Family of Joel Acevedo demands justice during protest near home of Milwaukee Police officer Michael Mattioli

Bill Glauber Rory Linnane
Milwaukee Journal Sentinel

A little more than a month after 25-year-old Joel Acevedo died after an altercation with a Milwaukee Police officer, his family made a public declaration Friday to bring his accused killer to justice.

And the family did it at the scene of the alleged crime, the home of the man charged in the case.

“We cannot stay quiet anymore," said Jose Acevedo, Joel's father. "This is not about violence. This is about what is right.”

Milwaukee Police officer Michael Mattioli, off-duty at the time of the incident, is accused of putting Acevedo in a fatal "chokehold" during an April fight at his house and has been charged with reckless homicide.

Acevedo died of his injuries a week after the incident.

Mattioli is free after posting $50,000 bail and is expected to make his first court appearance June 24 on a charge of first-degree reckless homicide. Although suspended from the police force, he is still receiving a paycheck.

On Friday, Acevedo's family called for him to be fired immediately.

The city's Fire and Police Commission has taken over the internal investigation and will decide what discipline he will face as a result. Community leaders, including Milwaukee Mayor Tom Barrett, have called for Mattioli to be fired.

About 200 protesters, including many members of the Acevedo family, staged the rally in the 4500 block of West Cleveland Avenue in the Jackson Park neighborhood on the city's south side.

Acevedo's family members said they felt compelled to speak out in the wake of the killing of George Floyd in Minneapolis. A former Minneapolis police officer has been arrested and charged with murder in that case.

The family of Joel Acevedo gathers for a protest outside the home of Michael Mattioli, a Milwaukee police officer charged with reckless homicide in Acevedo's death.

"When I saw George Floyd's situation out in the public, I imagined my son behind closed doors," said Maribel Acevedo, Joel's mother.

She was distraught when she spoke words her son said, according to the 911 tape from the incident: "Let me go home."
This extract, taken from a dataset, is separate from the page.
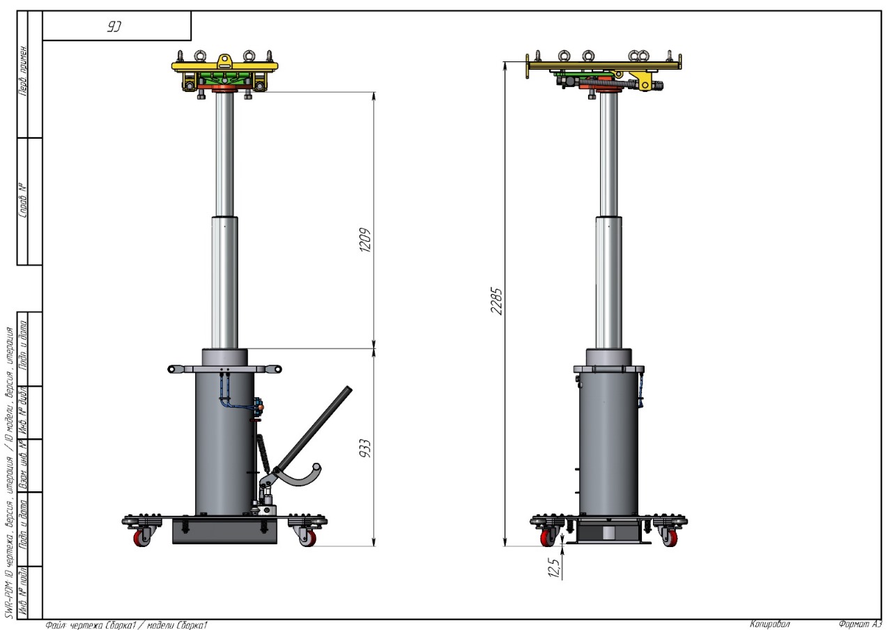 Габариты основания подъемника составляют 750 мм на 900 мм, а его масса — 270 кг. Мобильный характер устройства позволяет ему легко перемещаться по смотровой яме на колесах, что значительно экономит место и время в сервисе. Стоит отметить, что при нагрузке более 1000 кг каретка полностью «садится» на пол, что увеличивает стабильность и безопасность работы.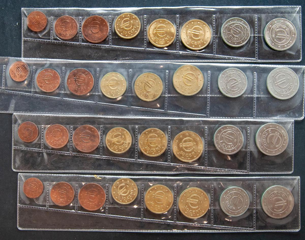 JUAN CARLOS I (1975-2014). Conjunto de 7 tiras completas de los Euros en Prueba de Churriana (Málaga) con valores comprendidos entre 1 Céntimo y 2 Euros. 1998. SC.

"This is what we're going for — justice," she said. "What's right is right, what's wrong is wrong. The police has no authority to take life. God has all authority on the earth."

"He was fun and loving, the life of the party," Julissa Acevedo said of her brother Joel. "He was just one of a kind. No one in the world like him."

B'Ivory Lamarr, the lawyer representing the family, said they "outright rejected the narrative" that Joel was "a thief or assaulted anyone on April 19. Those accounts and those assertions are completely advanced by the suspects in this case."

Mattioli told police he woke up and saw Acevedo going through his pants pockets and that during the ensuing altercation Acevedo punched someone else in the house.

Lamarr also called for the arrest of two other individuals who were in the home and cited as witnesses in the charging documents.

"We believe that there is more than one individual involved in Joel's death," Lamarr said.

Community activist Tory Lowe, who helped organize the protest, said, "We are standing outside of this house today because this officer gets to come home and watch Netflix and order food, charged with reckless homicide ... still getting a check. Is that right?"

At the end of the rally, protesters placed six candles on the front steps of the officer's home, along with several signs, including one that read: "Mattioli You Are Not Above The Law."